第二十九話 『五人目は茨の中』
リサも大陸の人間だ。そよ風の中で歌を歌うリサは心から死者を想っている。
その声は美しく思わず聞き入ってしまう程だ。妖精たちも初めて聞くリサの歌にうっとりとした表情を浮かべる。
黒兎よりも長く祈るリサは、ふと辺りを見回して黒兎たちが馬車の中で待っていることに気付いた。
「まぁ! 皆様! 待っていたなら言ってください!」
待たせたい訳ではない。慌てて駆け寄るが、黒兎たちは迷惑そうな表情をしていなかった。
「ええよ別に。急いでへんし」
既にかなりの時間を寄り道に使っている。その中の数分ならばたいした時間ではない。
「もうええの?」
リサが自分の周りに誰もいないことに気付いたのは風が黒兎たちの居場所をリサに教えたからだ。リサのタイミングで終わった訳ではない。
「はい」
それでもリサは心から微笑む。風が黒兎たちの居場所を教えてくれたように、風が彼らの居場所を教えてくれる。
「ここにいますから」
別れではあるが一人ではない。リサは自分の胸に手を当てて彼らを想う。黒兎はそんなリサに安心して微笑んだ。
「じゃ。もう行けるな」
リサは黒兎が差し出した手を慣れた様子で取って馬車に乗り込む。黒兎の隣に座っていたカレンはリサが一人にならないようにリサの隣に腰を下ろした。
「どこに行こうか」
御者台にいる虎獅狼は黒兎に尋ねるが、視線はハインツに向いている。
「難しいな」
そう答えたのはハインツだ。リサは喋る鏡の存在を受け入れようとして、大陸の地図を映すハインツにまた驚く。

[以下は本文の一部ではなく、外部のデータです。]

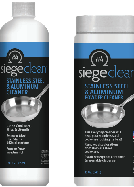
762L STAINLESS STEEL & ALUMINUM CLEANER
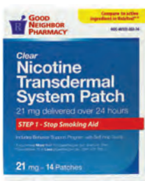
Nicotine Patches, Step 1 † Strength: 21 mg. / 24 hr. Count: 14
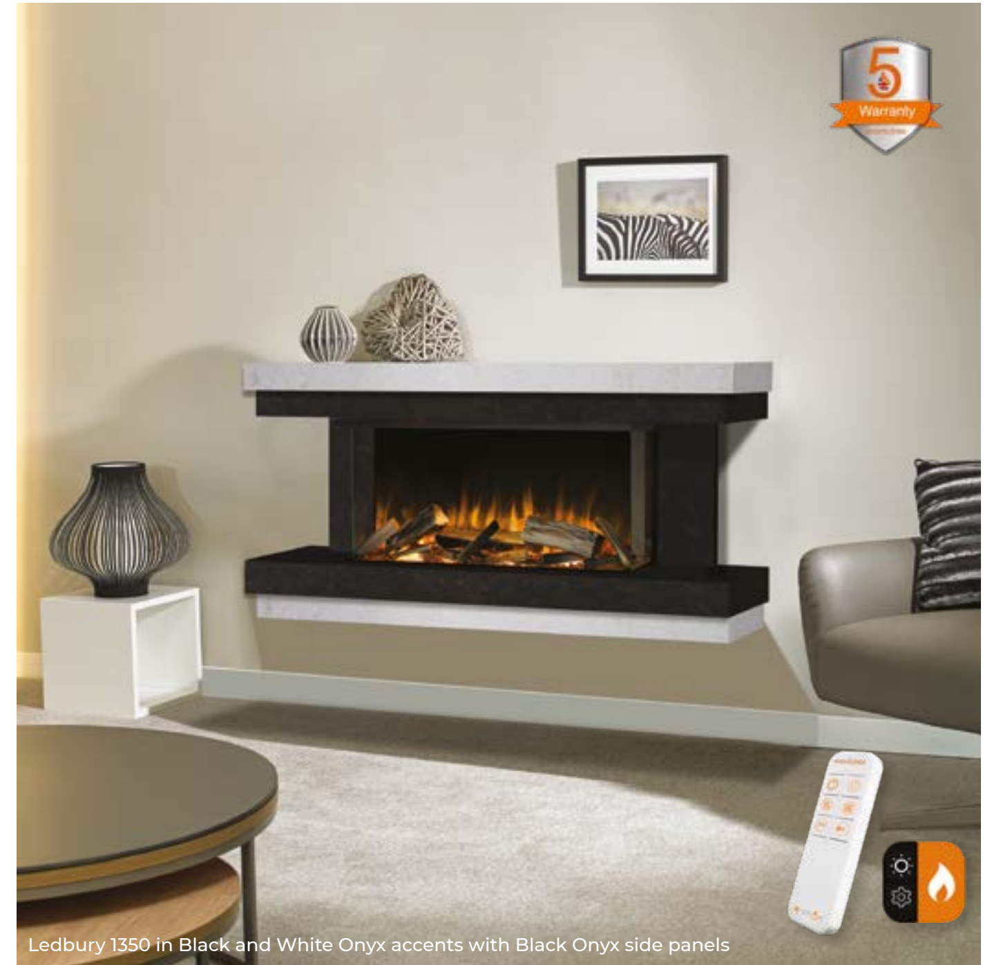
Ledbury 1350 in Black and White Onyx accents with Black Onyx side panels
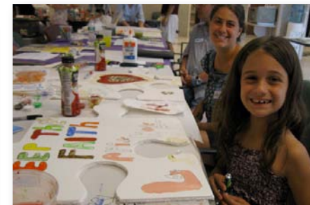
MC&OC Brain Tumor Support Group
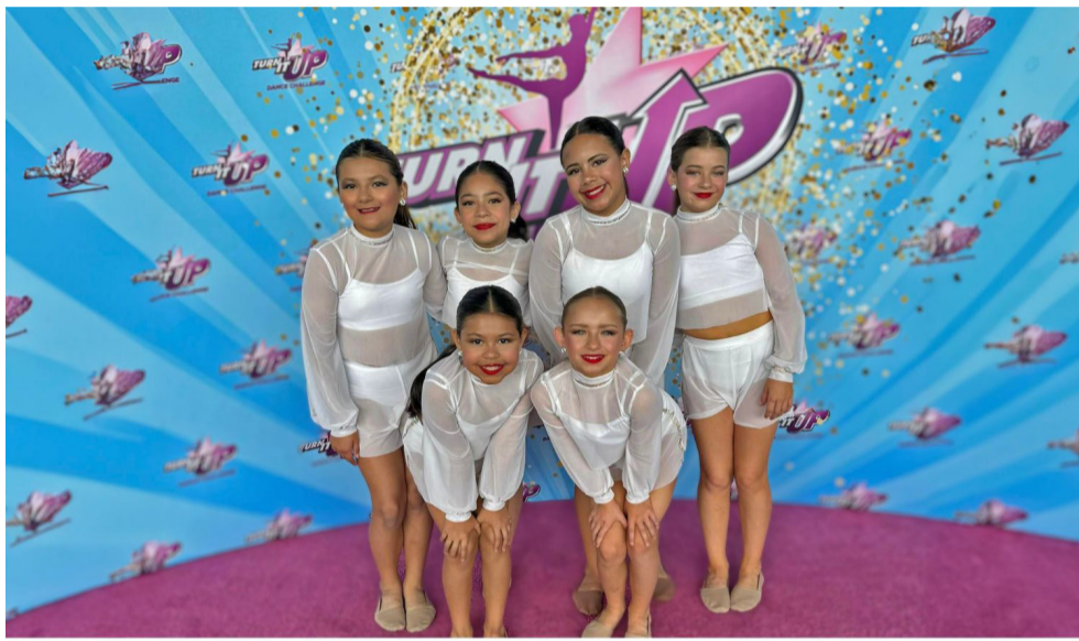
RedLevé Competitive Dance Team performs at Turn It Up Dance Challenge at the Oklahoma City Convention Center. Receiving High Gold Ratings for 3 performances.
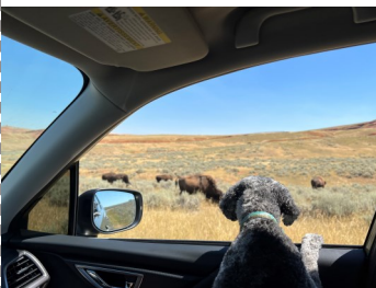
Zoey checking out the bison on a road trip to Yellowstone.

8. We love traveling by car. We have been to a lot our national parks and monuments. Sadly, these special places are being loved to death and have enacted a Timed Entry Permit System. These permits are first come, first served and are released a month in advance. To save money, we purchase a National Parks Pass that is good for a year. For anyone 62 years or older, the person can purchase the pass for $80.00. This is good for the person's lifetime, or they can get a yearly pass for $20.00. Know the rules of the road. Be mindful that when you travel across state lines, you are expected to adhere to their laws. Regardless of what state you are from.
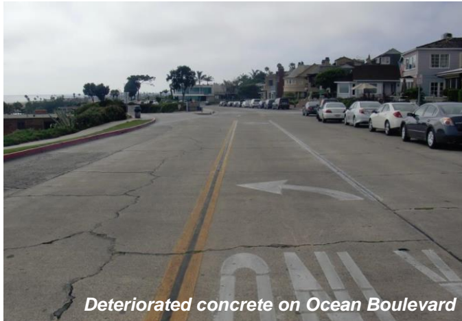
Deteriorated concrete on Ocean Boulevard

The City recently received bids for the Corona del Mar Concrete Street Improvement Project (Phase I). The first phase of this pavement improvement project is located on Ocean Boulevard from Goldenrod Avenue to Marguerite Avenue, and Marguerite Avenue from East Coast Highway to Ocean Boulevard. Proposed improvements consist of removing and reconstructing the existing concrete pavement and deteriorated concrete sidewalks, curbs and driveways, upgrading all curb access ramps to meet current standards, and installing bike racks and a water bottle filling station.
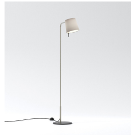
CODE: 1394011 FINISH: MATT NICKEL
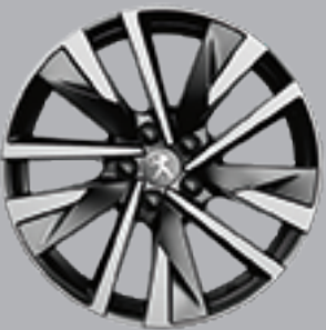
18" 'Sperone' Diamond-cut two tone
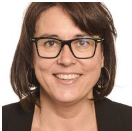
Diana Riba i Giner

EFA President and first Vice President of the Greens/EFA Group
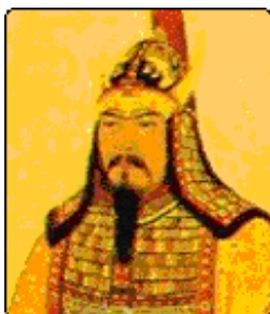
Figure 9: King Kwanggaet’o the Great

Last but not least, questions of gender are ignored in mainstream national historiography on Koguryo. National heroes are constructed as masculine: for example, the ancient historical figures like King Kwanggaet’o the Great and his son King Changsu are presented as a source of Korean national pride. Their conquests in the Northeast provinces are attributed to the victory of Korea’s virile “national masculinity”. Accordingly, in praising masculine achievement in history, women become invisible and images of male domination are reinforced.
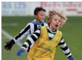
Game Play & Skillz Centre
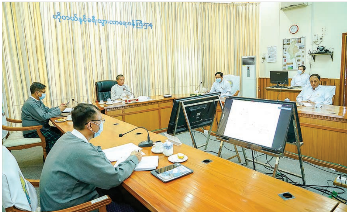
Union Minister U Ohn Maung holds a video conference with Chinese tour operators for future plan for tourism business.

The Union Minister said travel to Myanmar significantly increased when the restrictions for Visa on Arrival were lifted on 1 October 2018 with the number of visitors between the later part of 2018 to 2019 reaching 749,719.
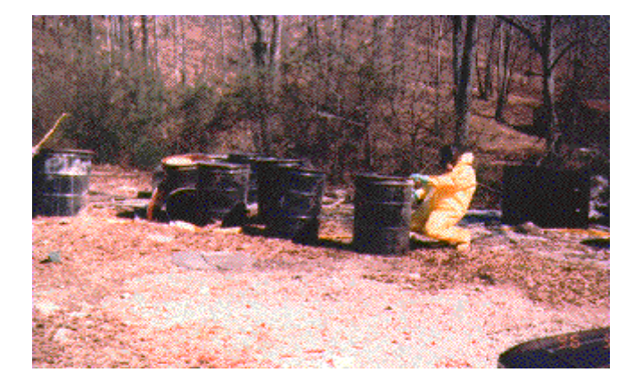
Drum Sampling at Worley Drum site in Anniston, Alabama
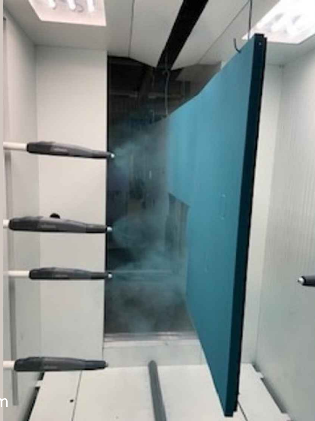
Lancaster Metal Paint System
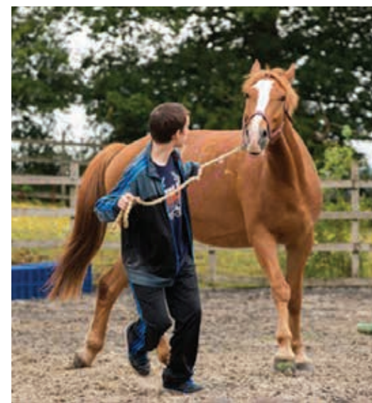
Strength in Horses: one of the projects receiving funding

All Saints' Church, Durham Road, East Finchley Church of England
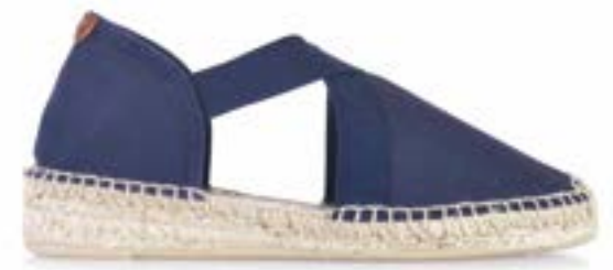
ELASTIC NAVY $87
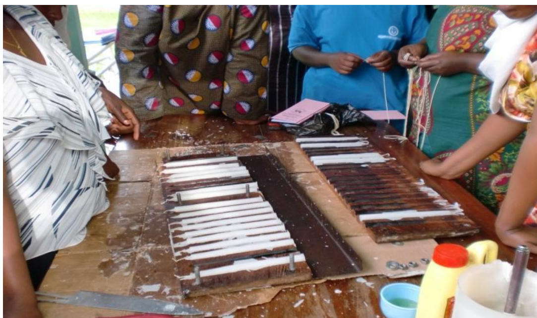
FIGURE 4: WOMEN MAKING CANDLES FOR SALE AS A SOURCE OF INCOME
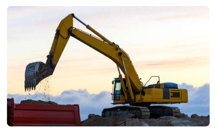
Optimizing Construction Fleet Maintenance with Reminder Software
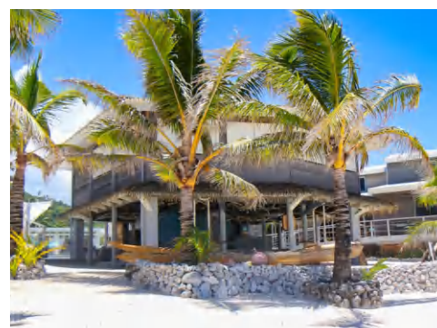
VIEW FROM THE BEACH
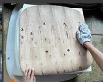
04 Foam sticking
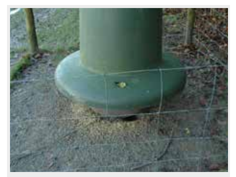
Rats will live as close to a food source as possible. Do not continue to feed birds from hoppers when rats are established near them or directly beneath them, as in this case.

are established around and even directly below hoppers. If nothing is done, large rat infestations may be present in hedgerows and coverts in spring when the birds are settling down to breed.
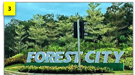
FOREST CITY (9KM)
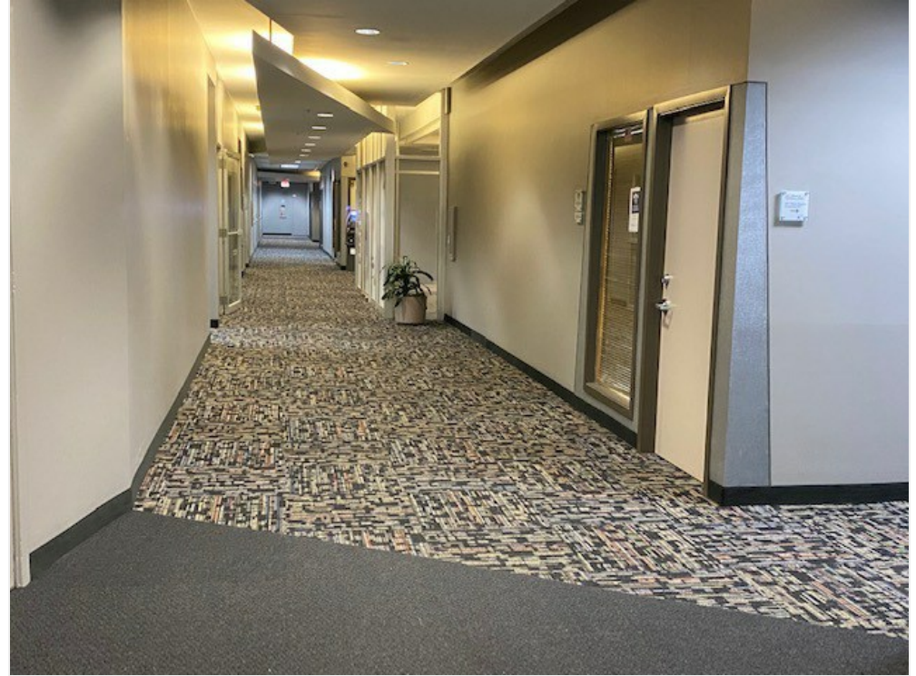
Interior Hallway 1821 University
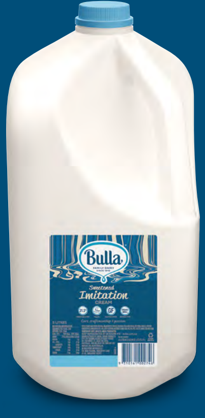
6020 Bulla Sweetened Imitation Cream 5L

Ideal for: Filling cakes and pastries, serving with desserts, mousses, fruit salad and makes a perfect filling for doughnuts.
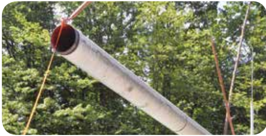
Pipe Hook Premium in use
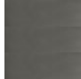
OP0 transparent varnished
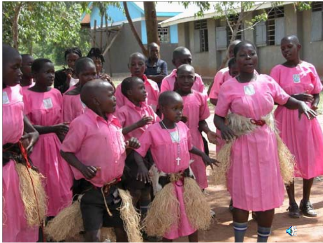
Some of the school children sang a thank-you song to AMREF. Listen for the powerful line in the refrain, “education is life insurance.”
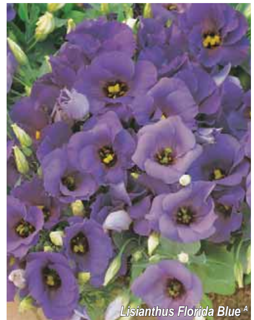
Lisianthus Florida Blue A

•512•288• Mixed Flame Gold Orange Spry Yellow
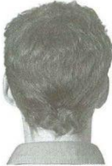
short brown hair
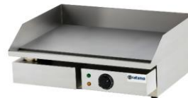
Gas/Electric Smooth griddle
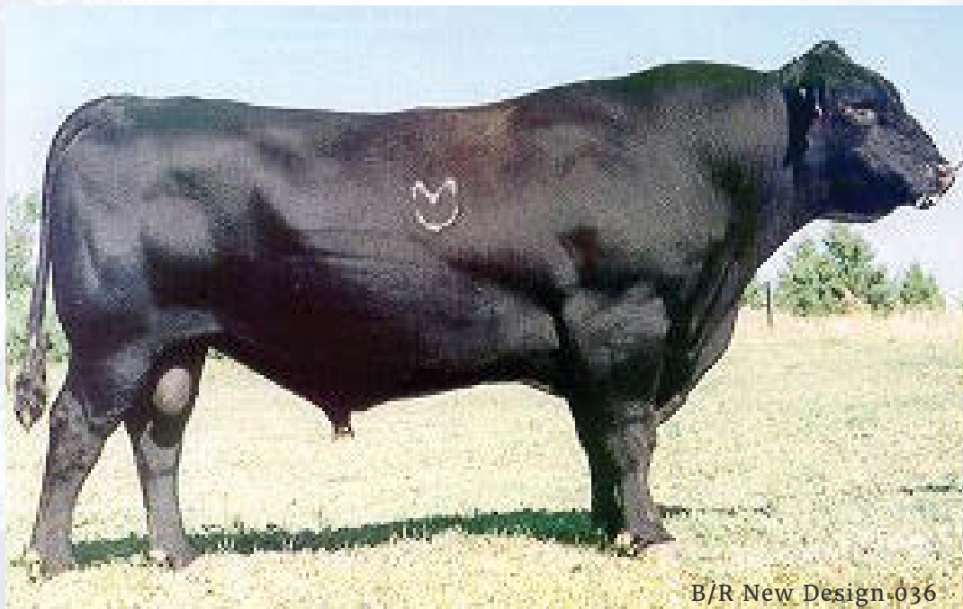
B/R New Design 036

S V D A R NEW TREND 315 A A R NEW TREND V D A R LUCY 704 K&K TOP GUN D B/R BLACKCAP EMPRESS 76 QLC A70 BLKCP EMPRESS E43T Semen is FOB to Alta Genetics, AB. Offered by Willow Springs Stock Farm

ハインツはトロイメライには関わりたくないと言っていたが、リサに対してはそうではないようだった。
「初めまして、リサ嬢。私はハインリヒ、皆からはハインツと呼ばれている」
「初めまして、ハインリヒさん。ハインツさんとお呼びしても良いですか?」
「勿論。歓迎するよ」
リサが手を伸ばすとハインツはリサの掌に乗る。
「ふふふっ! 可愛らしい鏡さんですね!」
「先に言われてしまったな。ありがとうリサ嬢、リサ嬢も可愛らしいよ」
本心なのだろうが、そう言うハインツに不快感を示す女はいないだろう。
「ねぇねぇ私は?!」
「カレン嬢も可愛らしい。素敵な女性だよ」
カレンはお世辞を言われそうな性格をしているが、当然それはお世辞ではない。黒兎の正面に座るカレンとリサは本当に絵の中から飛び出してきたようだった。
「それでコノエ坊。これを見てくれ」
ハインツはリサの掌から飛び出して馬車の枠に立つ。ハインツが声を掛けたのは黒兎だが、虎獅狼を含めた全員が黒兎の傍に寄ればハインツが映しているものが見えた。
ハインツが映しているものは現在地とその周辺だ。ドナトリア王国、トレステイン王国、そして元々行こうとしていたオハイラ王国を含めた四つの他国が同じような距離に存在していた。
「微妙やなぁ」
ドナトリア王国とトレステイン王国は論外として、オハイラ王国に行こうとするとオズ王国から遠ざかることになる。現在地から南西にある四つ目の国に行こうとすると、オズ王国には近付いても黄色いレンガ道からは遠ざかることになる。
「ま。リサおるしここでええか」
黒兎はしばらく考えて四つ目の国を指差した。
黄色いレンガ道は魔獣避けだけではなく迷子防止にも役立つが、ハインツがいればなんとかなるだろう。最悪カロリーナかトロイメライに頼ればいい。
「了解」
虎獅狼は頷いて御者台に戻る。
「南西にはアブラハム坊がいるかもしれない。気にしておこう」
「そういやそうやったな」
探していたのを忘れていた。アブラハムに会いたいと強く願っているのはカレンではなくスヴァインとヒルデだ。カレンが思い出させてくれないと虎獅狼ではないが覚えていられない。
出発の準備をする黒兎たちに気付いたのか、ダビを乗せて黄金郷周辺を走っていたシルヴァンが戻って来た。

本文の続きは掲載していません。